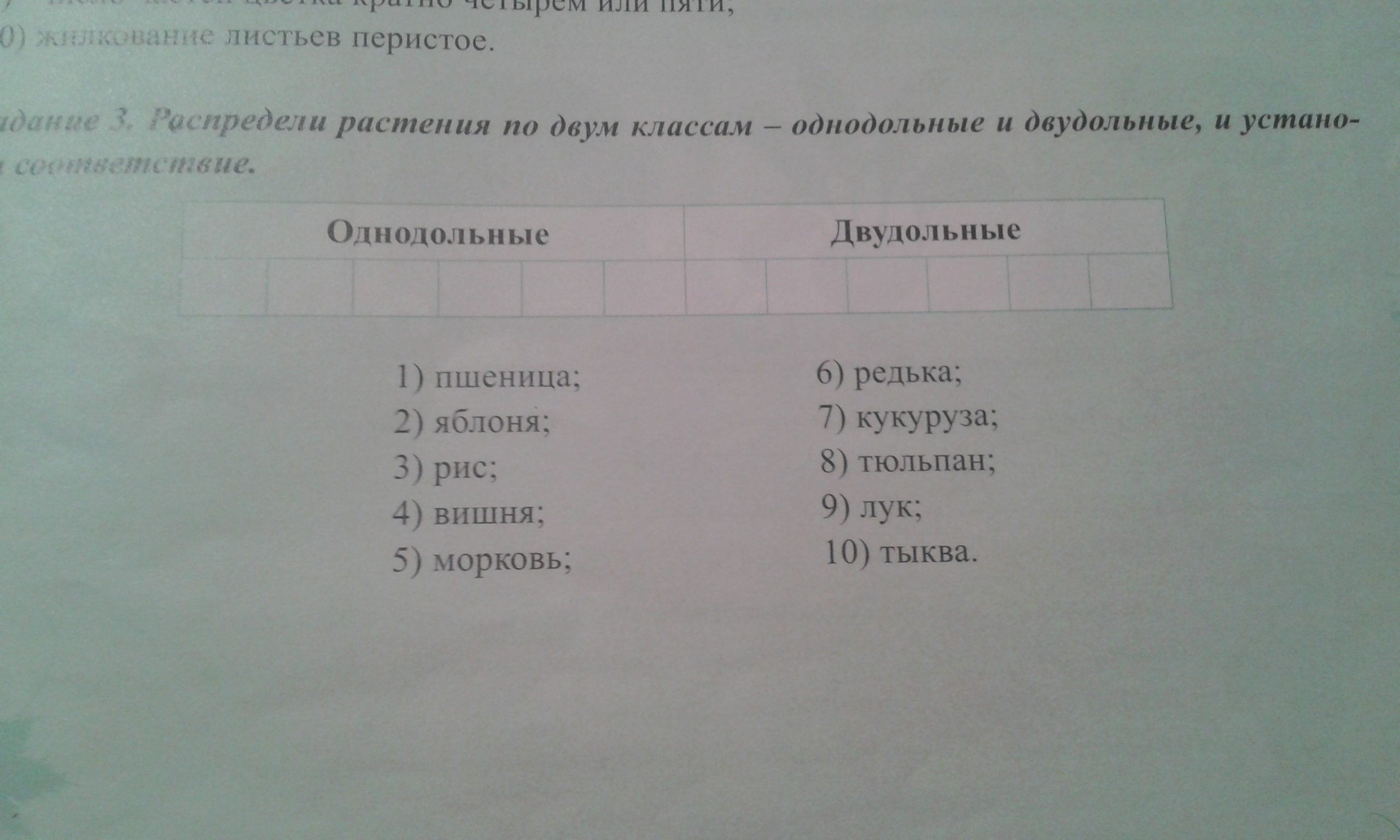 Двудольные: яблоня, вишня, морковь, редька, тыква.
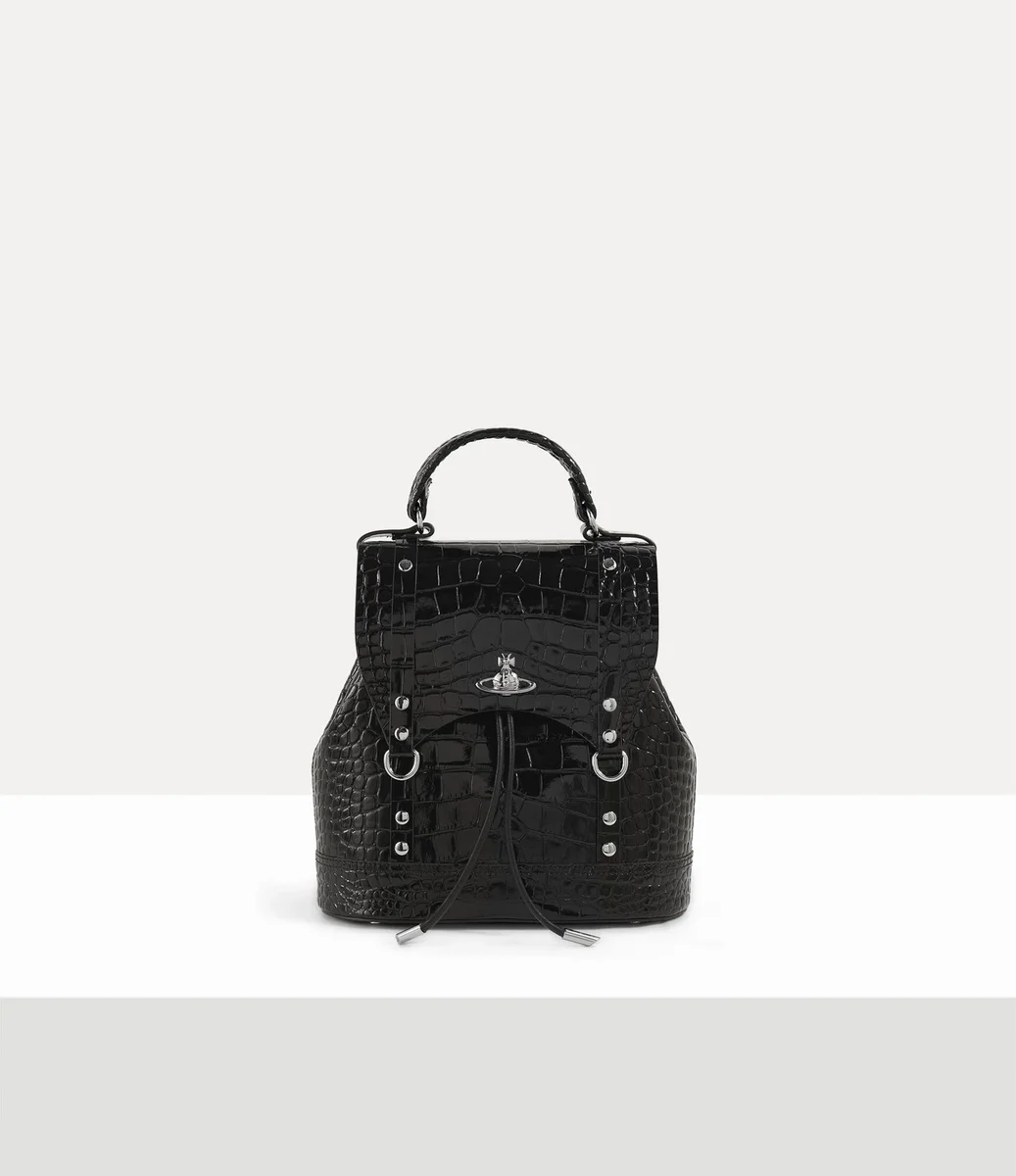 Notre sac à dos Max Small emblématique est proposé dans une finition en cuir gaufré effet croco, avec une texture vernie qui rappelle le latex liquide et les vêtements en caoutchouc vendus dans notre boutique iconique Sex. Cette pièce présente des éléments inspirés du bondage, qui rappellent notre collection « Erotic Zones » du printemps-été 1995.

--

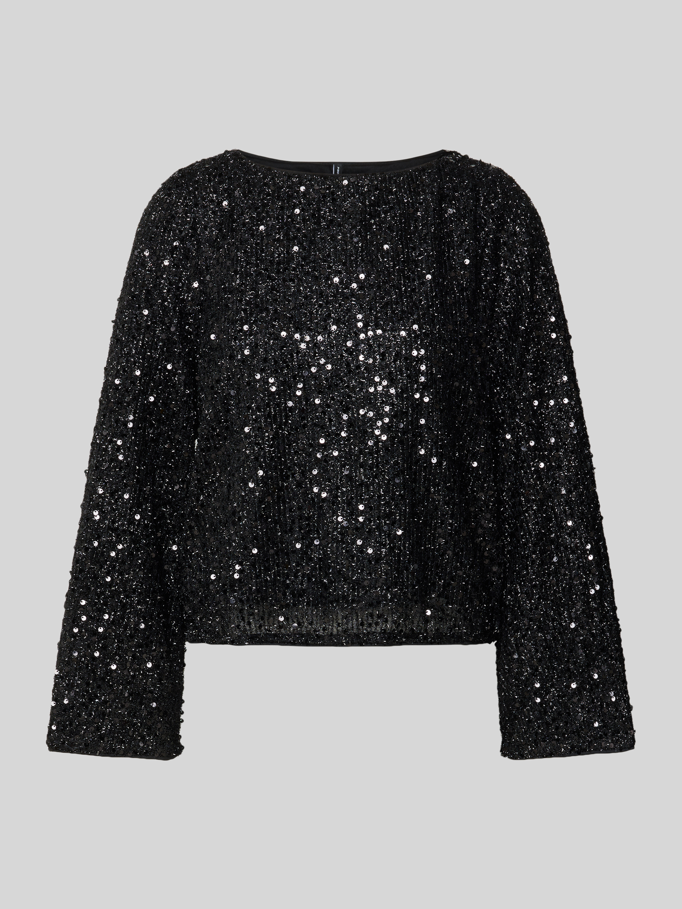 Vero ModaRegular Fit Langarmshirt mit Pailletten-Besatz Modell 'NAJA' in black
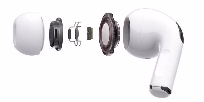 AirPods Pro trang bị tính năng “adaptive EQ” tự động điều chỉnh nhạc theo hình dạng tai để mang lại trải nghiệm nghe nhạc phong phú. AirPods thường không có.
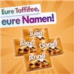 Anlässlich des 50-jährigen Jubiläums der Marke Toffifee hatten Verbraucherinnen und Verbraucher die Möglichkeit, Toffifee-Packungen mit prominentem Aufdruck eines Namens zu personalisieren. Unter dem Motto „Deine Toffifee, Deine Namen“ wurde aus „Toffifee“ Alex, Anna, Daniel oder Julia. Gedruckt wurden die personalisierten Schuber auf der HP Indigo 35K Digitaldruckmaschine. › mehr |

◆ **REQUIRED WORK**: Though the entries above contain pictures, none should be copied; reproduce only the lines between the one holding "Двудольные: яблоня, вишня, морковь, редька, тыква." and the one holding "Notre sac à", inclusive, exactly as written.

◆ **WRITTEN ANSWER**:
 Двудольные: яблоня, вишня, морковь, редька, тыква.
 Notre sac à dos Max Small emblématique est proposé dans une finition en cuir gaufré effet croco, avec une texture vernie qui rappelle le latex liquide et les vêtements en caoutchouc vendus dans notre boutique iconique Sex. Cette pièce présente des éléments inspirés du bondage, qui rappellent notre collection « Erotic Zones » du printemps-été 1995.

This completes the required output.